Hörer:innen können also ein Abonnement lösen bei einem/einer Künstler:in, die dieses Geld direkt bekommen. Samuel Savenberg bleibt kritisch. «Diese Statements von Blake waren doch auch nur Teil einer Promokampagne für ein weiteres Tech-Startup, das uns ernsthaft Fairness und Fan-Nähe verkaufen will. Ich kann mir nicht vorstellen, dass das funktioniert. Vor allem ist das dann auch ein Modell für eine ganz spezifische Art von Fan-Bindung/Musikkonsum, die voraussetzt, dass Fans unbedingt unveröffentlichtes Exklusivmaterial hören wollen. Dieses Privileg von Relevanz werden die wenigsten Musiker:innen haben.»

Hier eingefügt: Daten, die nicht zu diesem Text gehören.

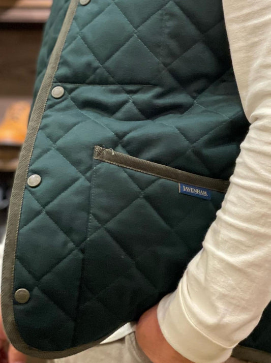 LAVENHAM x HOUSES THORNHAM Wool Quilt Gilet Bottle Green
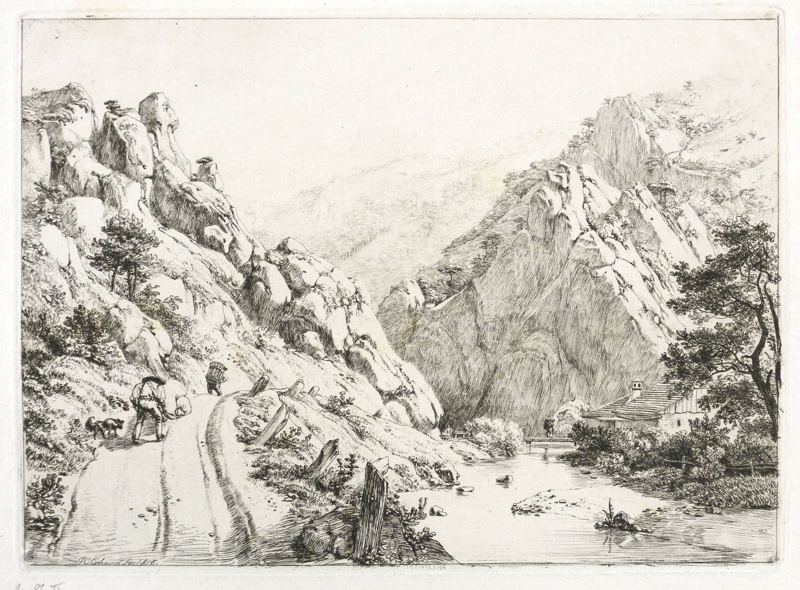 1818. Radierung / Strichätzung & Kaltnadel, in Schwarz, auf feinem hellgelbem Velin. – Originale Künstlergrafik, von Johann Christoph Erhard. – 15,6 x 21,5 cm (Darstellung / Einfassungslinie), 19,5 x 24,8 cm (Blatt), 16,1 x 21,8 cm (Platte).
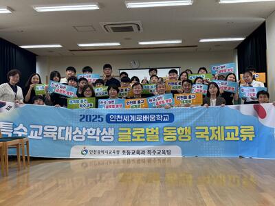 韓国の仁川広域市教育庁や高等学校等の代表生徒・職員の総勢25名が訪問来校しました。本校からは生徒会役員が生徒代表として参加しました。全体会では代表者挨拶をはじめ、記念品交換、仁川市の紹介・ダンス発表等が行われました。途中、サプライズとして、交流校の清仁(チョンイン)学校のみなさんからの心温まる動画メッセージもありました。その後、校内見学をし各校生徒は交流のクラスへ移動し、本校生徒たちと一緒に昼食を取りながら、会話をしたり、記念撮影をしたりして思い出に残る楽しいひとときを過ごしました。
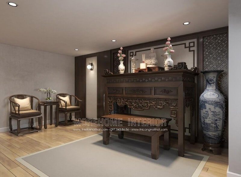 Mẫu bàn thờ gỗ tự nhiên này được thiết kế với họa tiết không quá phức tạp, tạo nên một vẻ tôn nghiêm riêng.
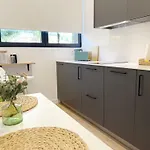 Az önellátás lehetőségét megkönnyíti a konyha, amely mosogatógéppel és kenyérpirítóval felszerelt. Az apartman továbbá belátható közelségre fekszik a Matiko metróállomástól.
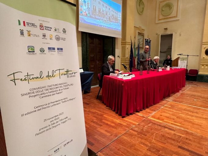 “Questo Festival è una festa di ricongiungimento tra regioni e comunità impegnate non solo a fare memoria, ma a far diventare la storia, la nostra storia, una matrice per rivivere e far rivivere culture e tradizioni comuni, lingue e dialetti, cucina e musica, modi di vivere la terra e il paesaggio, che sono un patrimonio che rischiamo ogni giorno di smarrire”. Lo ha detto il vicepresidente della Regione Puglia e assessore al Demanio e Patrimonio, Raffaele Piemontese, introducendo il Festival del Tratturo 2023, organizzato a Palazzo Dogana, oggi sede della Provincia di Foggia, antica Regia Dogana della Mena delle Pecore, fulcro dell’organizzazione della pastorizia nel Regno di Napoli, con l’uso dei pascoli regi e altri di proprietà privata, convogliando gli armenti attraverso i tratturi dall’Abruzzo, dal Molise e dalla Lucania nelle pianure della Puglia.
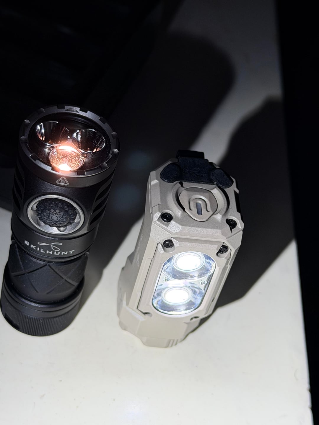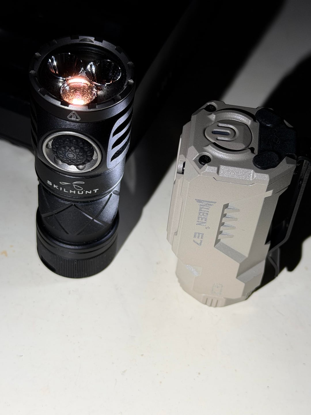 The skillhunt with 2 different color temps 519a nichia and the Wuben e7 the wuben e7 pushes 1000 lumens even when the battery is dying I don’t know how it does it no madder how hot it gets it pushes turbo over and over and over and never breaks a perfect flashlight for bright emergencies that can fit in your pocket the skillhunt has got that warm white high cri with now a 1600 mah battery and the skillhunt now has a 1600 mah 18350 maxed out. The skillhunt hunt e7 doesn’t play games it works hard and hot and doesn’t give up no madder how many times you turbo it. Good for emergencies
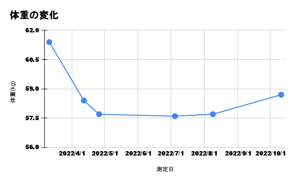 10月10日の体重58.7kgをグラフにプロットしました。先回の8月9日から1kg増えてしまいました。
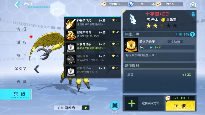 推荐阵容:十字兽(2100速度以上)+输出型数码宝贝
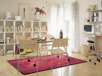 書房整體看起來很簡潔,整體以白色為主。靠壁的方型書柜既實用又漂亮。紅色的地毯給書房增添了亮點在書架上擺放了同色系的花,呼應(yīng)的剛剛好。椅子采用簡單的設(shè)計,看起來很時尚也很漂亮最主要的是顏色整體很搭。窗紗的感覺又很浪漫。整體感覺不錯,設(shè)計簡單實用,如果再有一把靠椅就更好了!
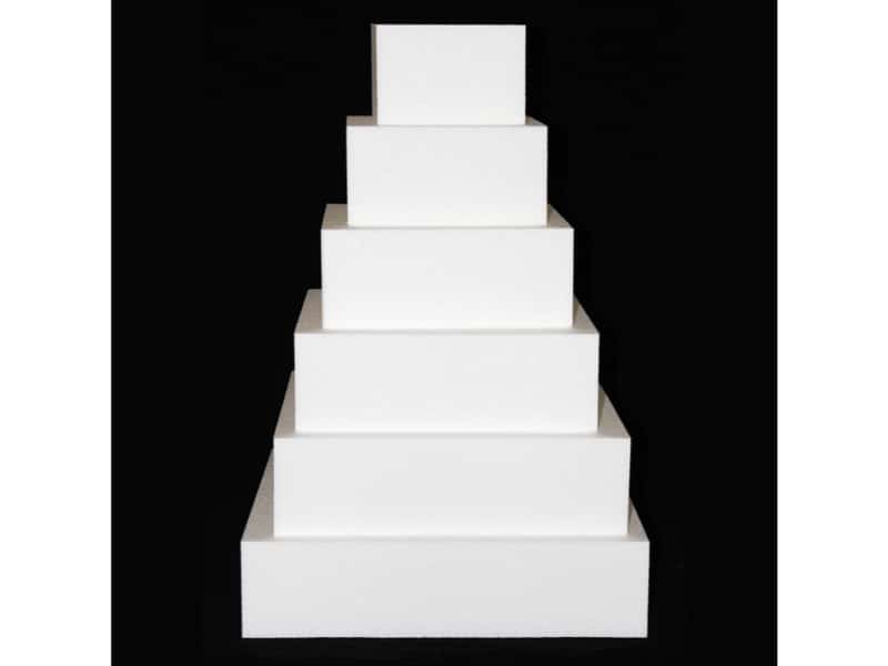 Square Cake Dummies are made from high density expanded polystyrene. The material is very dense and with better quality. Supplied as standard with a straight edge.

Insgesamt zeigt sich, dass die Musikindustrie vor grossen Herausforderungen steht, die eine sorgfältige Überlegung erfordern. Wie können Künstler:innen fair entlöhnt werden? Wie können wir die künstlerische Integrität bewahren, während wir den sich verändernden Anforderungen der digitalen Welt gerecht werden müssen? Diese Fragen bleiben offen, aber die Diskussion darüber ist entscheidend für die Zukunft der Musik und derjenigen, die sie schaffen.